The Supreme Court had an opportunity to revisit this ruling in 2005 when faced with the question of whether the legislature's suspension of the then voter-approved two-thirds vote requirement for tax increases was an emergency warranting denial of a referendum.

Again, in a 6-3 ruling the Court upheld the legislature declaration of an emergency. The impact of the ruling was to give the legislature a blank check to use emergency clauses any time it wants. This has the effect of routinely stripping the people of their right of referendum. The dissenting judges, however, wrote blistering objections to the majority’s decision.

For example, former Justice Richard Sanders warned that the ruling allows the legislature to avoid the people’s right of referendum:

“Where the Legislature uses an emergency clause simply to avoid a referendum rather than respond in good faith to a true ‘emergency’ . . . and where the court essentially delegates its independent role as a constitutional guardian to the legislative branch of government in its power struggle against the popular branch of government; I find little left of the people’s right of referendum.”

There is a better way to allow the legislature to respond to true emergencies while protecting the people’s right of referendum. The following is from South Dakota's constitution (Article 3, Section 22):

“Effective date of acts -- Emergency clause.
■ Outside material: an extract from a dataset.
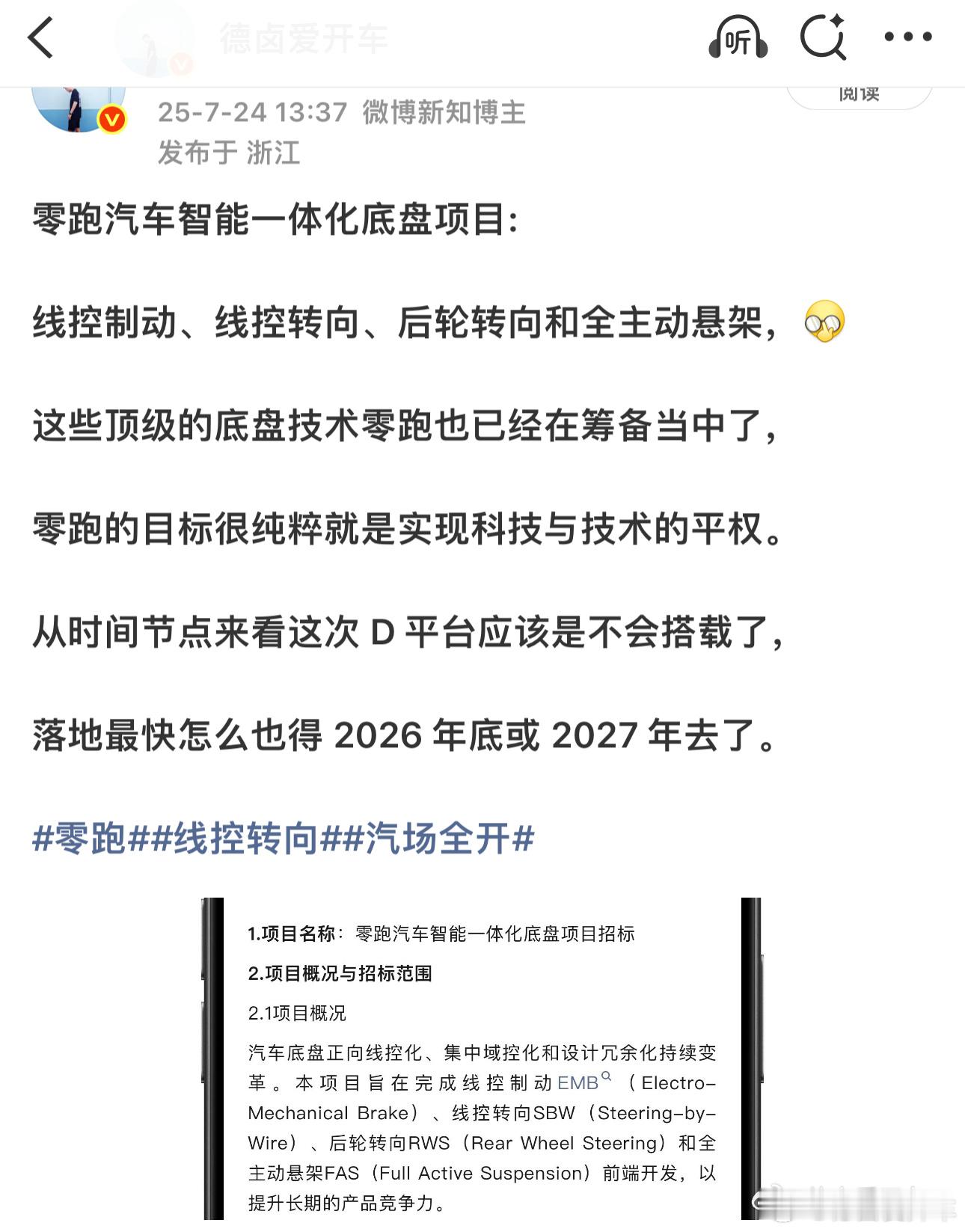 到今天发布会零跑D平台技术已经基本清晰了,今晚朱总也提到了零跑的新物种车型的存在,从时间点来可能会搭载这些智能底盘技术,大家有的、或者没有的,零跑反正会有。零跑汽车十周年新能源汽车

No act shall take effect until ninety days after the adjournment of the session at which it passed, unless in case of emergency, (to be expressed in the preamble or body of the act) the Legislature shall by a vote of two-thirds of all the members elected of each house, otherwise direct.”

Like South Dakota, Washington should also require a supermajority vote if lawmakers want to declare an emergency to prevent a referendum. Bills have been proposed in Olympia in prior years to do this but have not been adopted (see SJR 8206 from 2013).

If a true public emergency occurs that warrants denying the people their right of referendum, a supermajority vote requirement in the legislature should not be difficult to achieve. In the case of a true emergency, the public would most likely welcome the use of the emergency clause by the legislature, recognizing it is intended to be used at just such a time. Political convenience, however, should no longer serve as a reason to deny the people their right of referendum. This is especially true when lawmakers are trying to impose a tax the voters have repeatedly rejected.